* **Your objective**
Every entry must be set down exactly in the answer; no pictures should appear.

* **Data provided**
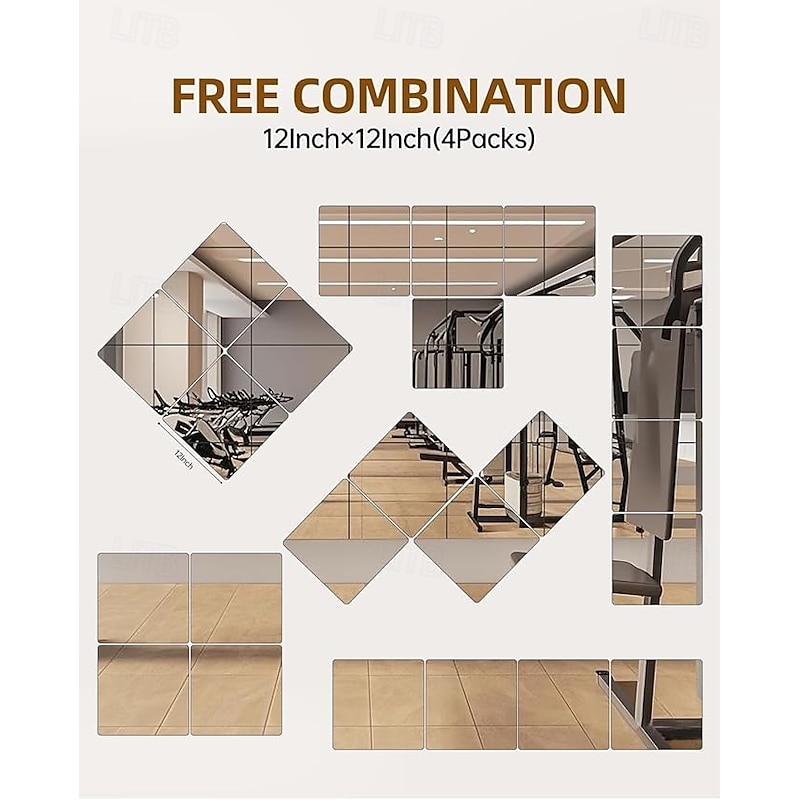 4 Pack Glass Wall Mirror Tiles 12" x 12" Frameless Full Length Mirror Wall Mounted Full Body Mirrors for Bedroom Home Gym Door Bathroom 7
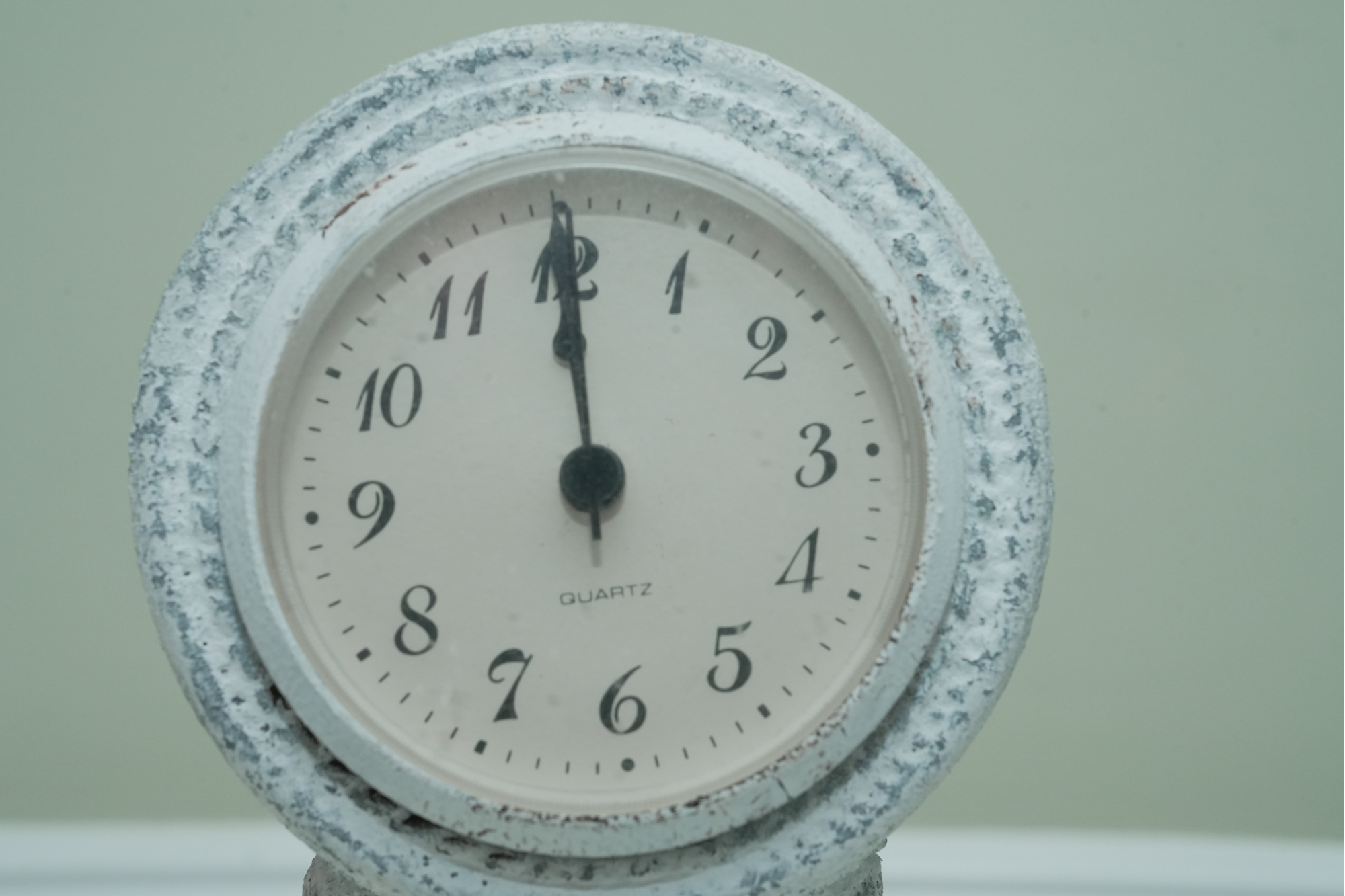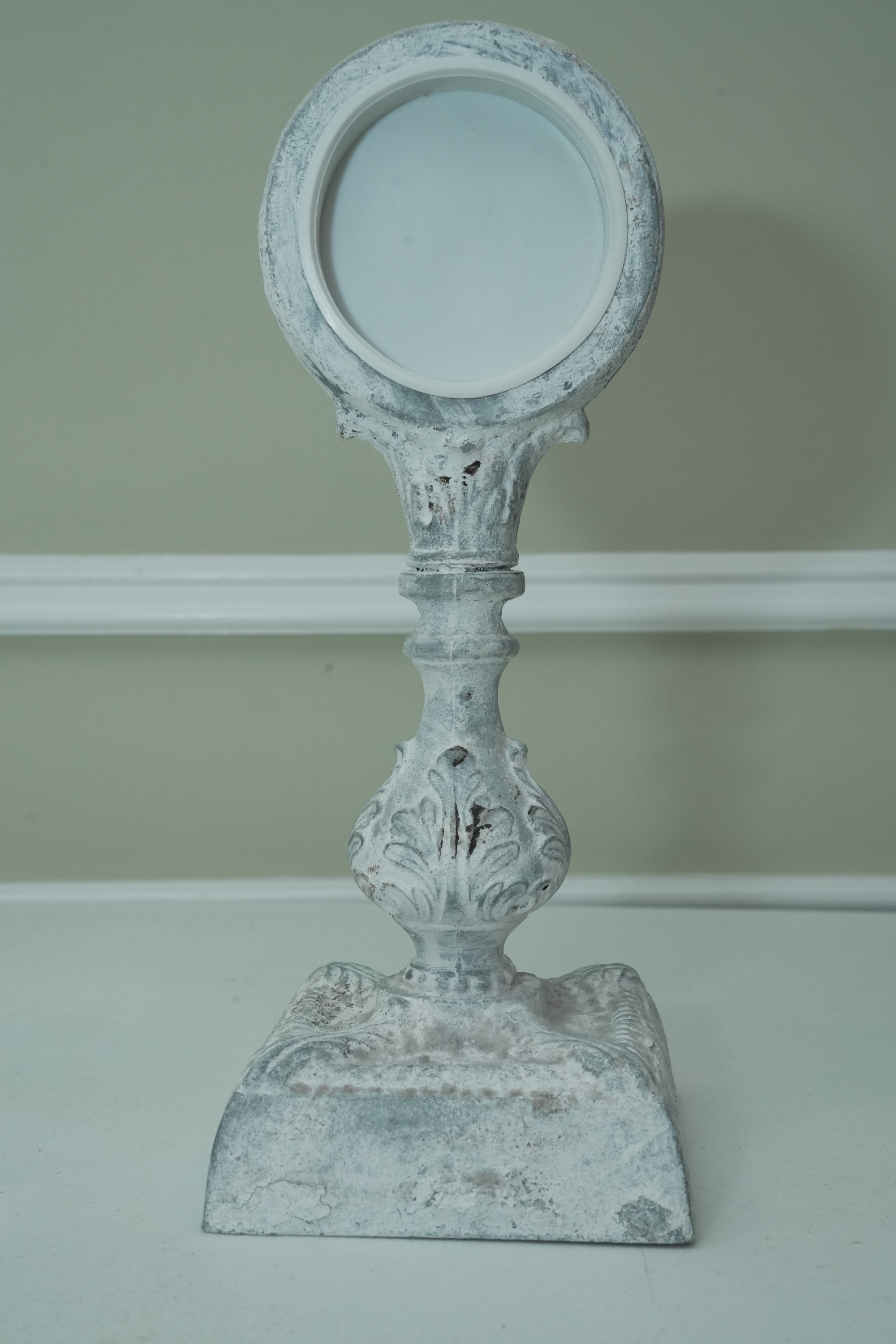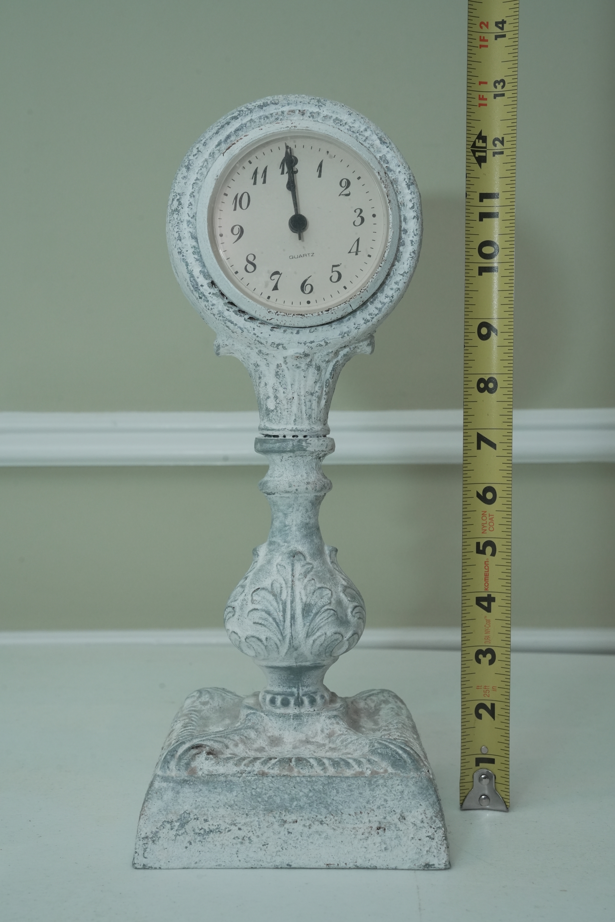 Distressed White Ornate Pedestal Table Clock
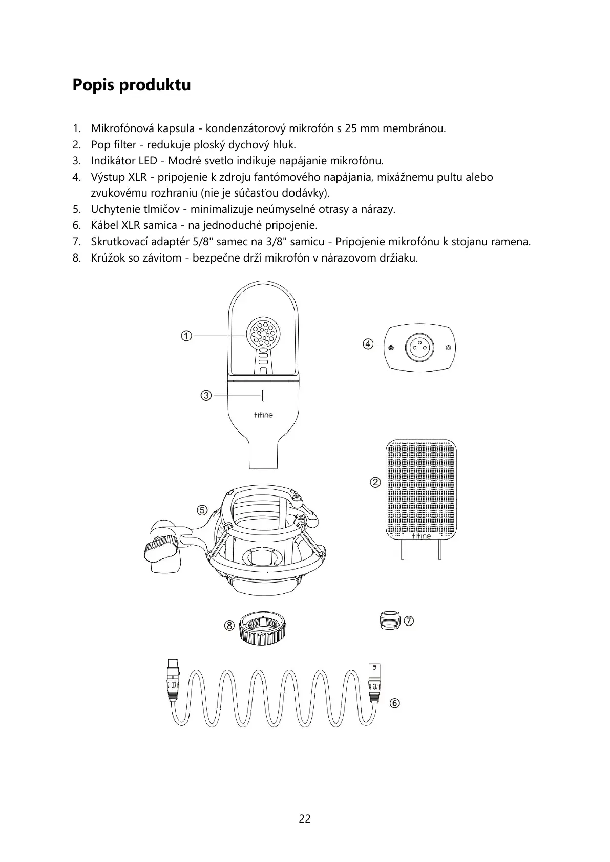 8. Krúžok so závitom - bezpečne drží mikrofón v nárazovom držiaku.
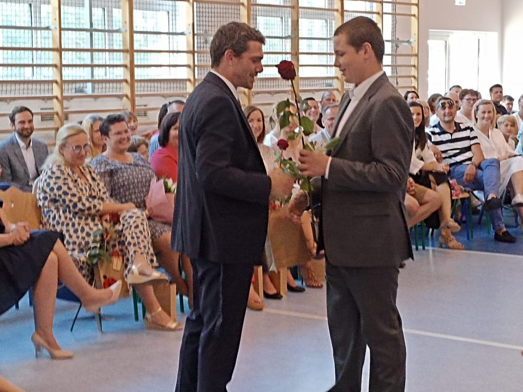 Uroczystość była okazją do nagrodzenia uczniów, którzy zakończyli edukację z najwyższą średnią, osiągnęli sukcesy na płaszczyźnie edukacyjne i sportowe oraz wyróżnili się w działaniach na rzecz wolontariatu. Podziękowania odebrali wspierający ich rodzice. Słowa wdzięczności kierowane były też dla nauczycieli i pracowników szkoły. Symbolicznym momentem było przekazanie przez ósmoklasistów ich młodszym kolegom sztandaru szkoły.
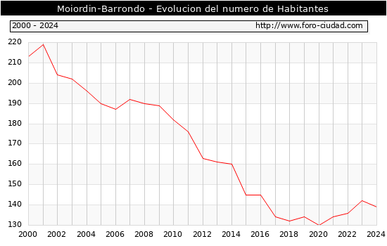 el numero de habitantes en Moiordin-Barrondo era de 139, 3 habitantes menos que el en el año 2023. En el grafico siguiente se puede ver cuantos habitantes tiene Moiordin-Barrondo a lo largo de los años.
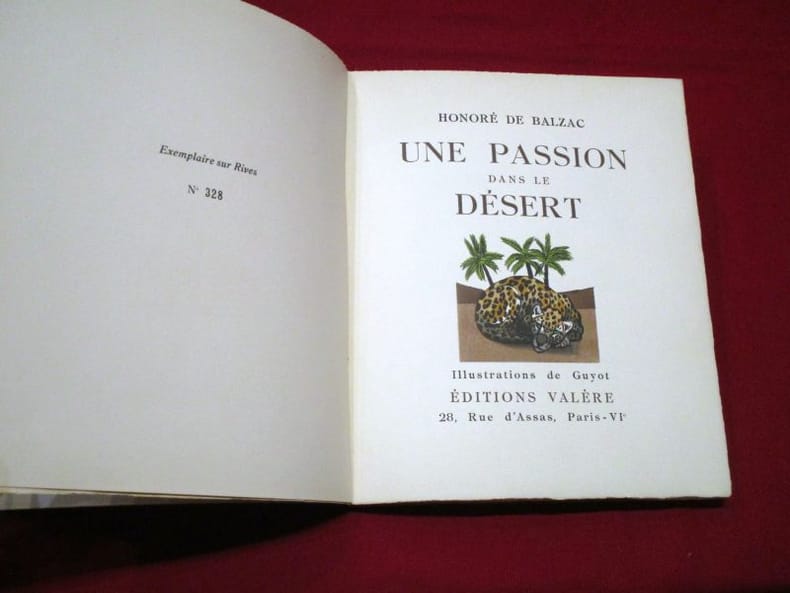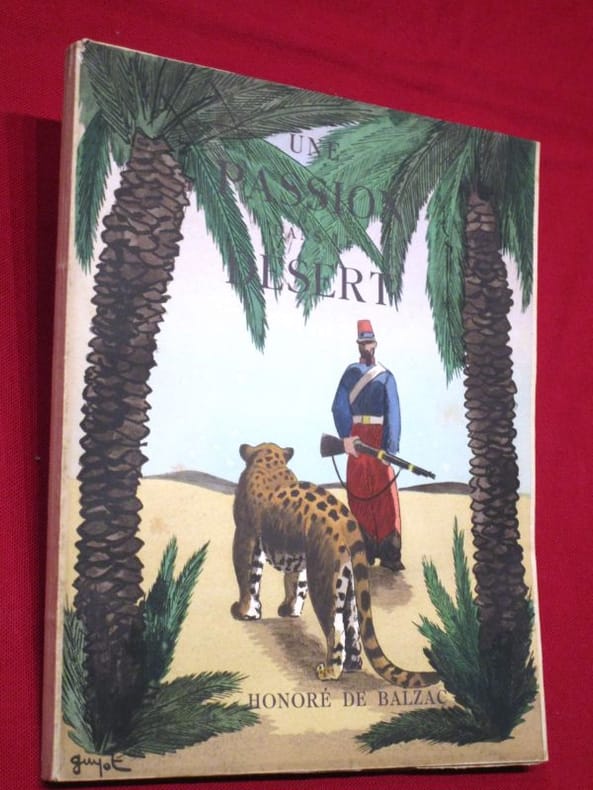 Maxime Cottet-Dumoulin Paris 1949 In-4 carré ( 345 X 270 mm ), en feuilles sous couverture illustrée rempliée, chemise et étui à l'imitation de la peau de serpent. Premier tirage des 13 compositions de Paul JOUVE à pleine page, soit 9 pleine page en couleurs, 3 sur double page en couleur, une pleine page en noir et 54 bandeaux, gravés sur cuivre à l'eau forte par Raymond HAASEN. Tirage unique à 123 exemplaires numérotés sur vélin d'Arches teinté filigrané au nom de l'artiste, celui-ci 1 des 110 enrichis d'une suite en noir des 13 illustrations. Beau livre d'artiste en bel état signé par l'éditeur et Paul JOUVE.- Bibliographie: Marcilhac, Paul Jouve, p. 381.- Exposition: De Balzac à Paul Jouve, "Une passion dans le désert", Musée de la maison de Balzac, Paris, 4 octobre 2007- 6 janvier 2008."Une passion dans le désert" est un texte méconnu de BALZAC, une courte nouvelle, publiée avec un autre roman "Les Chouans". Cette nouvelle évoque "l'amour" d'un soldat napoléonien pour Mignonne, une panthère rencontrée dans le désert lors de la campagne d'Égypte. Cette nouvelle à sa publication provoqua quelques commentaires compte tenu des "troublants" sous entendus qui existent dans le texte.
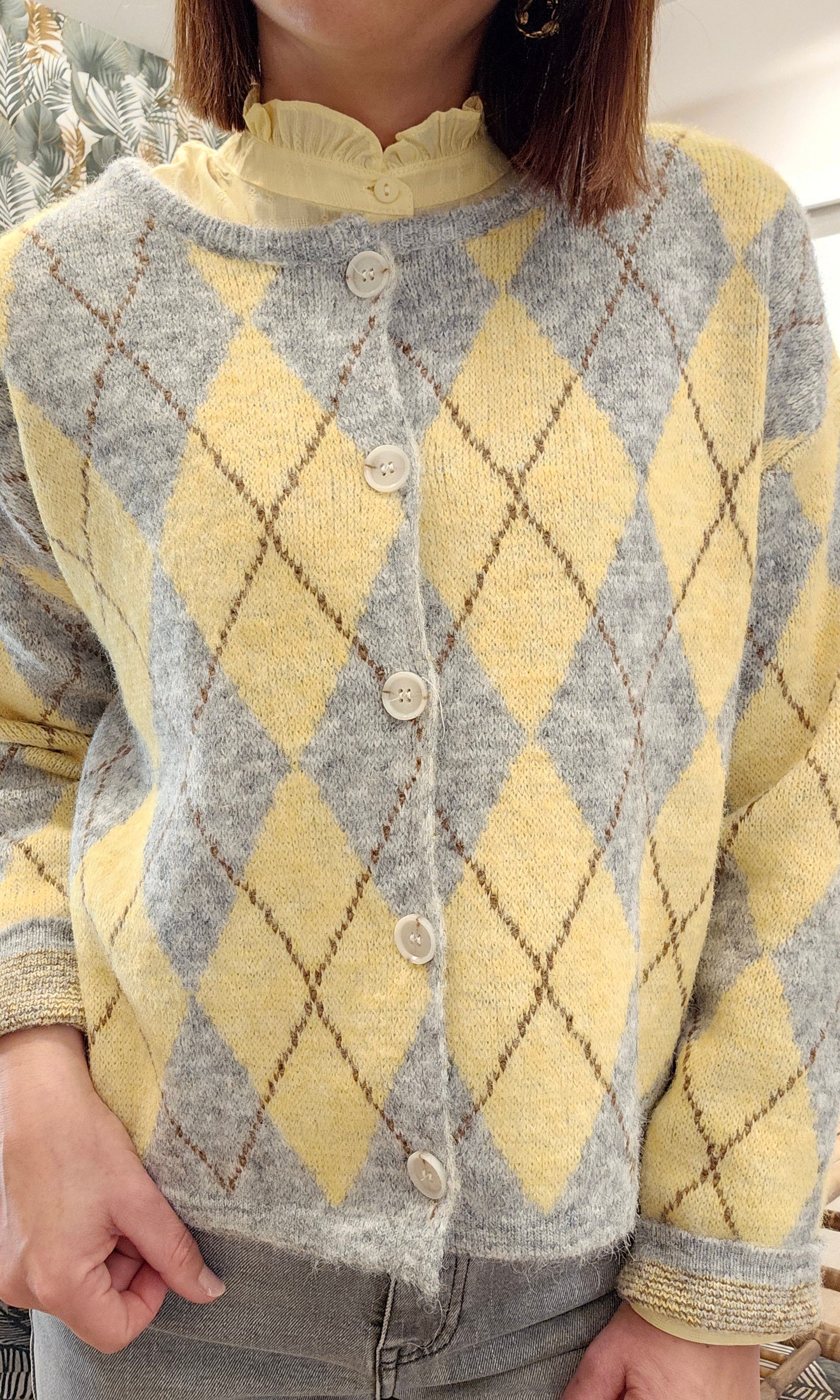 Gilet/Pull à motifs losanges jaune/gris/marron
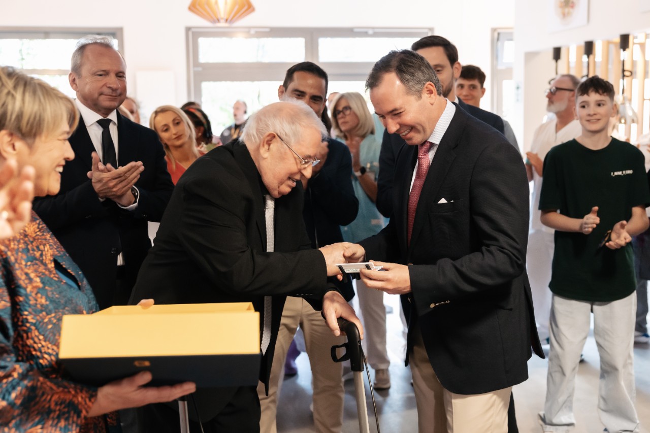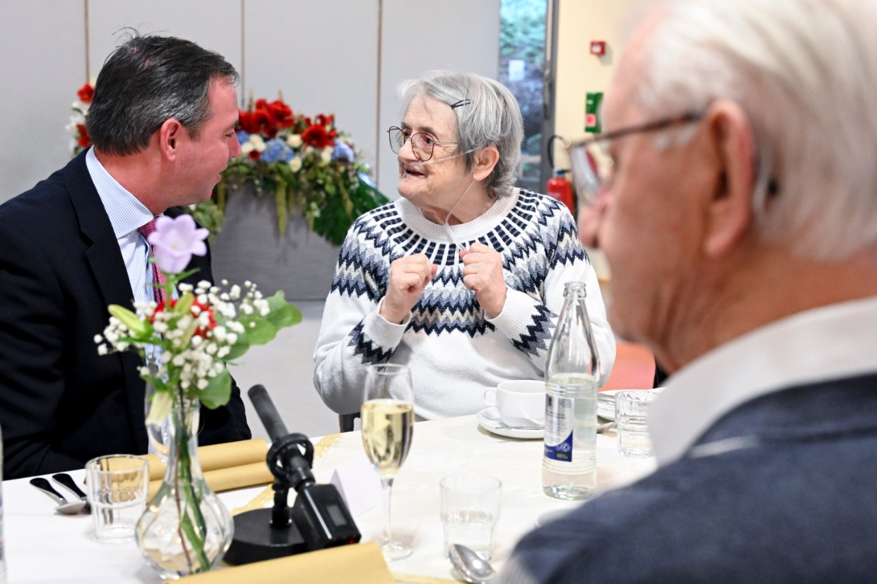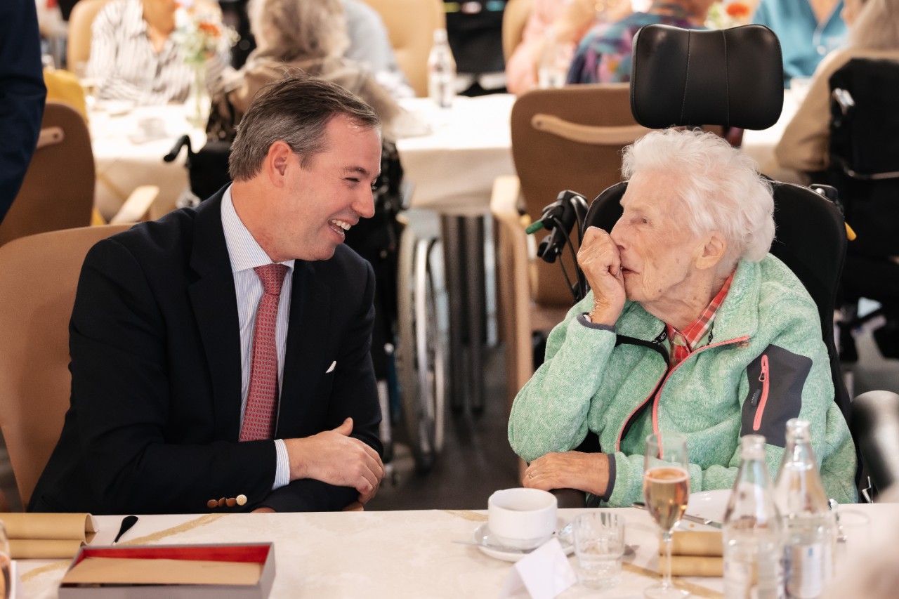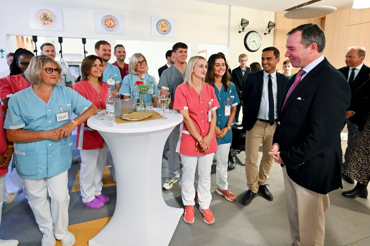 HRH the Grand Duke visits the Intercommunal Hospital of Steinfort (HIS), accompanied by the Minister for Family Affairs, Solidarity, Living Together and Reception of Refugees, Max Hahn, the Minister of Health and Social Security, Martine Deprez, and the Minister of Finance, Gilles Roth. He meets with healthcare staff and patients, thereby highlighting all those who serve society tirelessly, even in times of celebration.
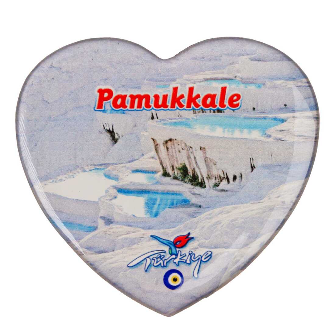 Pamukkale Temalı Myros Kalp Magnet 65x60 mm

* **Exercise answer**
 4 Pack Glass Wall Mirror Tiles 12" x 12" Frameless Full Length Mirror Wall Mounted Full Body Mirrors for Bedroom Home Gym Door Bathroom 7
 Distressed White Ornate Pedestal Table Clock
 8. Krúžok so závitom - bezpečne drží mikrofón v nárazovom držiaku.
 Uroczystość była okazją do nagrodzenia uczniów, którzy zakończyli edukację z najwyższą średnią, osiągnęli sukcesy na płaszczyźnie edukacyjne i sportowe oraz wyróżnili się w działaniach na rzecz wolontariatu. Podziękowania odebrali wspierający ich rodzice. Słowa wdzięczności kierowane były też dla nauczycieli i pracowników szkoły. Symbolicznym momentem było przekazanie przez ósmoklasistów ich młodszym kolegom sztandaru szkoły.
 el numero de habitantes en Moiordin-Barrondo era de 139, 3 habitantes menos que el en el año 2023. En el grafico siguiente se puede ver cuantos habitantes tiene Moiordin-Barrondo a lo largo de los años.
 Maxime Cottet-Dumoulin Paris 1949 In-4 carré ( 345 X 270 mm ), en feuilles sous couverture illustrée rempliée, chemise et étui à l'imitation de la peau de serpent. Premier tirage des 13 compositions de Paul JOUVE à pleine page, soit 9 pleine page en couleurs, 3 sur double page en couleur, une pleine page en noir et 54 bandeaux, gravés sur cuivre à l'eau forte par Raymond HAASEN. Tirage unique à 123 exemplaires numérotés sur vélin d'Arches teinté filigrané au nom de l'artiste, celui-ci 1 des 110 enrichis d'une suite en noir des 13 illustrations. Beau livre d'artiste en bel état signé par l'éditeur et Paul JOUVE.- Bibliographie: Marcilhac, Paul Jouve, p. 381.- Exposition: De Balzac à Paul Jouve, "Une passion dans le désert", Musée de la maison de Balzac, Paris, 4 octobre 2007- 6 janvier 2008."Une passion dans le désert" est un texte méconnu de BALZAC, une courte nouvelle, publiée avec un autre roman "Les Chouans". Cette nouvelle évoque "l'amour" d'un soldat napoléonien pour Mignonne, une panthère rencontrée dans le désert lors de la campagne d'Égypte. Cette nouvelle à sa publication provoqua quelques commentaires compte tenu des "troublants" sous entendus qui existent dans le texte.
 Gilet/Pull à motifs losanges jaune/gris/marron
 HRH the Grand Duke visits the Intercommunal Hospital of Steinfort (HIS), accompanied by the Minister for Family Affairs, Solidarity, Living Together and Reception of Refugees, Max Hahn, the Minister of Health and Social Security, Martine Deprez, and the Minister of Finance, Gilles Roth. He meets with healthcare staff and patients, thereby highlighting all those who serve society tirelessly, even in times of celebration.
 Pamukkale Temalı Myros Kalp Magnet 65x60 mm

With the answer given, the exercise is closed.